Corporate donors- of which, in spite of whatever A.O.C. and Bernie Sanders may believe- the Democratic Party has many- aren’t exactly sold on the Green New Deal, either. Nor are they confident that Democrat plans to remake the U.S. energy sector won’t result in stock losses and company closings.

It is for all these reasons, and many others besides, that many moderate Democrats don’t feel that Bernie Sanders would be good for the Democratic Party. Nor do they think he has much of a chance in defeating Donald Trump, who will have no shortage of video clips of Sanders making statements and embracing positions no moderate Democrat would recognize.

No political insider was much surprised- especially after Elizabeth Warren slipped the knife into Bernie’s bank during the last debate- that Hillary Clinton chose this week to pile on.

In a no-holds-barred interview, Clinton let her true feelings about Bernie Sanders rip. Saying that no one liked him or wanted to work with him was bad.

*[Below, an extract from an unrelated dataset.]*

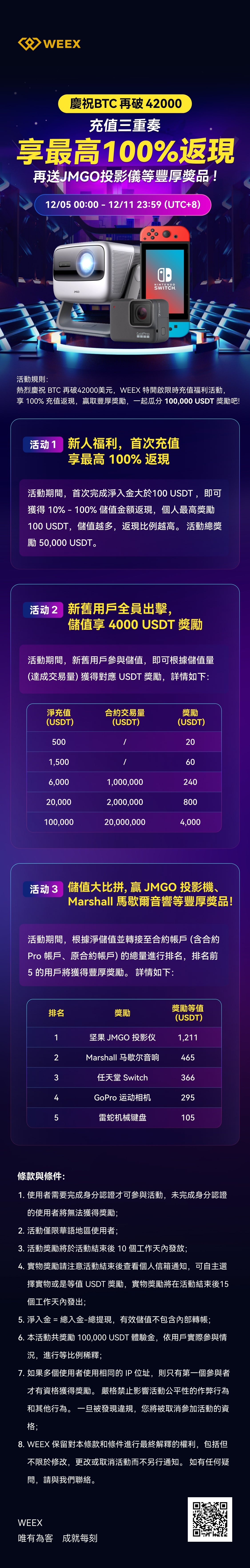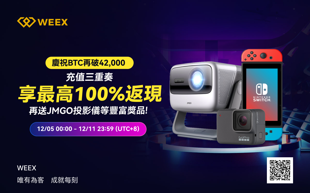 熱烈慶祝BTC再破4.2萬美元,WEEX特開啟限時充值福利活動,享100%充值返現,贏豐厚獎勵,一起瓜分100,000 USDT 獎勵吧!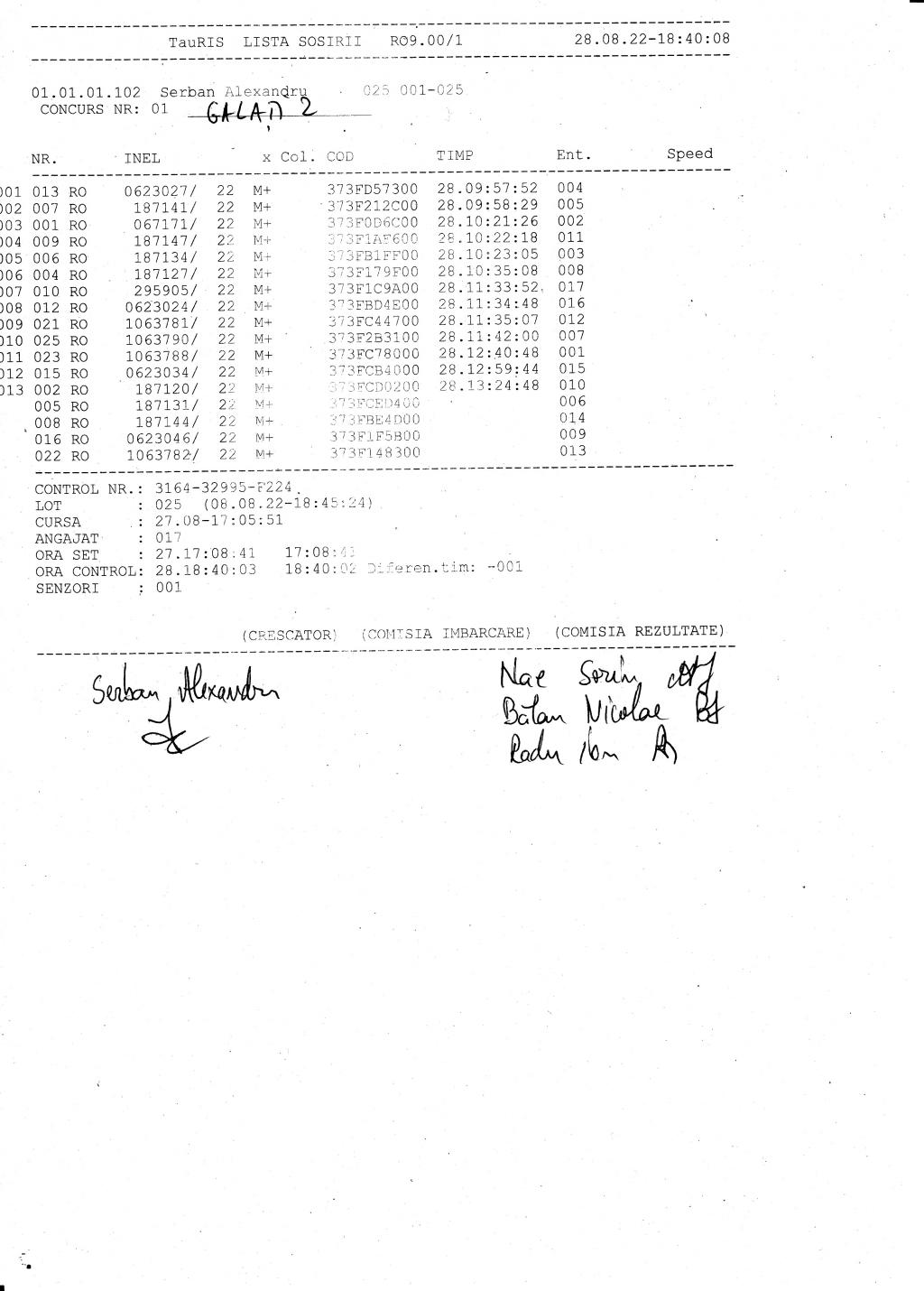| 106 | Negutu Alexandru Silviu | DB823 | Top Pigeon Lunguletu |

Calling him a sexist, in charge of a deeply sexist presidential campaign- one that routinely and viciously attacked the campaigns of his female competitors- was worse.

With Sen. Sanders stuck in the Senate trial of President Trump’s impeachment for the foreseeable future, this is the perfect time to attack Sanders in the press. Unable to properly defend himself, and indeed unable to even show his face on the campaign trail, damage control will have to be left to Bernie surrogates.

So it is no surprise to hear rumors that former President Barack Obama, who has long said he would campaign against Bernie, intends to speak out against him in the coming days.

In opposing the nomination of Bernie Sanders, Obama likely hopes to push the Democratic field in a more moderate direction.

Though who Obama would like to see take Bernie Sanders’ place at the head of the Iowa pack is more difficult to say.

While former Vice President Joe Biden has featured Barack Obama prominently in his most recent campaign ads, Obama has not endorsed Joe Biden. On the contrary.

A former vice president not getting the seal of approval from his old boss is bad enough. Biden’s two-steps around the subject are worse.

Alternately, Biden has claimed to have turned down the endorsement from Obama and that he doesn’t need it. Either way, Biden is wrong; he was wrong to turn it down if Obama offered it and he is certainly wrong that he doesn’t need it.

At no point has Biden’s candidacy been strong enough to allow him to turn down advantages, which an Obama endorsement certainly would be.

But Obama also hasn’t endorsed his protege Deval Patrick in the race. Patrick, a late arrival onto the field of potential Democratic nominees, hasn’t made many waves in the race thus far. Unlike fellow late arrival Mike Bloomberg, Patrick doesn’t appear to have a billion dollars to bankroll his campaign.

The other moderates in the race are former Mayor Pete Buttigieg and Sen. Amy Klobuchar.

Buttigieg has had a great deal of trouble picking up support in the African-American community. If he doesn’t find a way to connect to Democrats who aren’t wealthy white liberals, his campaign may eventually go the way of Beto O’Rourke.

Sen. Klobuchar has had good news and bad news this week. The good news is that she picked up a coveted co-endorsement from the New York Times, which chose her as the Democratic moderate standard bearer.

The bad news is that, like Sanders, Klobuchar is stuck in a Senate hearing without even access to a phone.

The Democratic primary is coming down to the wire.

At this point, a kind word from Barack Obama- or an unkind word from him- could make or break a campaign.